Coordinates of a particle as a function of time \(t\) are \(x= 2t\),
\(y =4t\). It can be inferred that the path of the particle will be:

1.	Straight line	2.	Ellipse
3.	Parabola	4.	Hyperbola

At an instant, the velocity and acceleration of a particle moving in the XY plane are $2\hat{\mathrm{i}} + 3\hat{\mathrm{j}}$ m/s and $-3\hat{\mathrm{i}}+2\hat{\mathrm{j}}$ $\mathrm{m}/{\mathrm{s}}^2$. Rate of change of speed of the particle at this instant is:

(1) $\sqrt{13}$ $\mathrm{m}/{\mathrm{s}}^2$

(2) -1 $\mathrm{m}/{\mathrm{s}}^2$

(3) 1 $\mathrm{m}/{\mathrm{s}}^2$

(4) Zero

A body started moving with an initial velocity of \(4\) m/s along the east and an acceleration \(1\) m/s² along the north. The velocity of the body just after \(4\) s will be?

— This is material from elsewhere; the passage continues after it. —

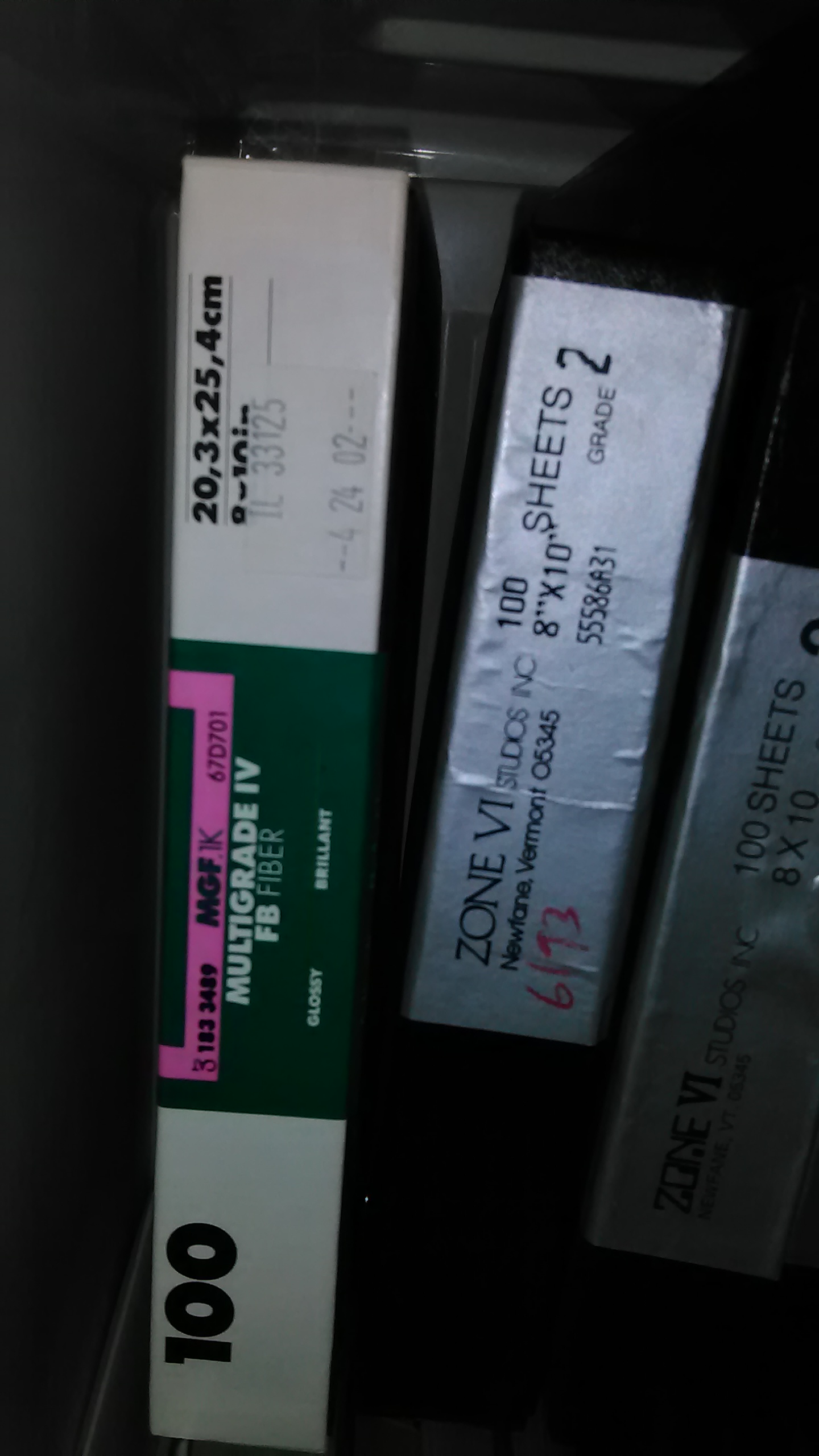 Like Leigh, I, too, burned up many a box of Zone VI's B&W paper, but have no idea of worth (if anything) today. I can tell you that Fred sold this paper for $28.00 per 100-sheet box when first introduced. Of course, the price increased somewhat over the years.

A projectile thrown from the ground has horizontal range R. If velocity at the highest point is doubled somehow, the new range will be:

(1) 3 R

(2) 1.5 R

(3) $\sqrt{3}$ R

(4) 2 R

A particle is projected from the origin with velocity $\left(4\hat{\mathrm{i}} + 9\hat{\mathrm{j}}\right)$ m/s. The acceleration in the region is constant and -10$\hat{\mathrm{j}}$ $\mathrm{m}/{\mathrm{s}}^2$. The magnitude of velocity after one second is

(1) 8 m/s

(2) $\sqrt{15}$ m/s

(3) $\sqrt{17}$ m/s

(4) $\sqrt{27}$ m/s

A particle is moving on a circular path of radius \(R.\) When the particle moves from point \(A\) to \(B\) (angle \( \theta\)), the ratio of the distance to that of the magnitude of the displacement will be:

         
1. \(\dfrac{\theta}{\sin\frac{\theta}{2}}\)
2. \(\dfrac{\theta}{2\sin\frac{\theta}{2}}\)
3. \(\dfrac{\theta}{2\cos\frac{\theta}{2}}\)
4. \(\dfrac{\theta}{\cos\frac{\theta}{2}}\)

The horizontal range of a particle thrown from the ground is four times the maximum height. The angle of projection with the vertical is:

(1) 60°

(2) 30°

(3) 45°

(4) 90°

A particle is thrown with a velocity of 40 m/s. If it passes A and B as shown in the figure at time ${\mathrm{t}}_1$ = 1 s and ${\mathrm{t}}_2$ = 3 s. The value of h is:

(1) 15 m

(2) 10 m

(3) 30 m

(4) 20 m

To a stationary man, the rain is falling on his back with a velocity v at an angle $\mathrm{\theta }$ with vertical. To make the rain-velocity perpendicular to the man, he:

(1) must move forward with a velocity vsin$\mathrm{\theta }$.

(2) must move forward with a velocity vtan$\mathrm{\theta }$.

(3) must move forward with a velocity vcos$\mathrm{\theta }$.

(4) should move in the backward direction.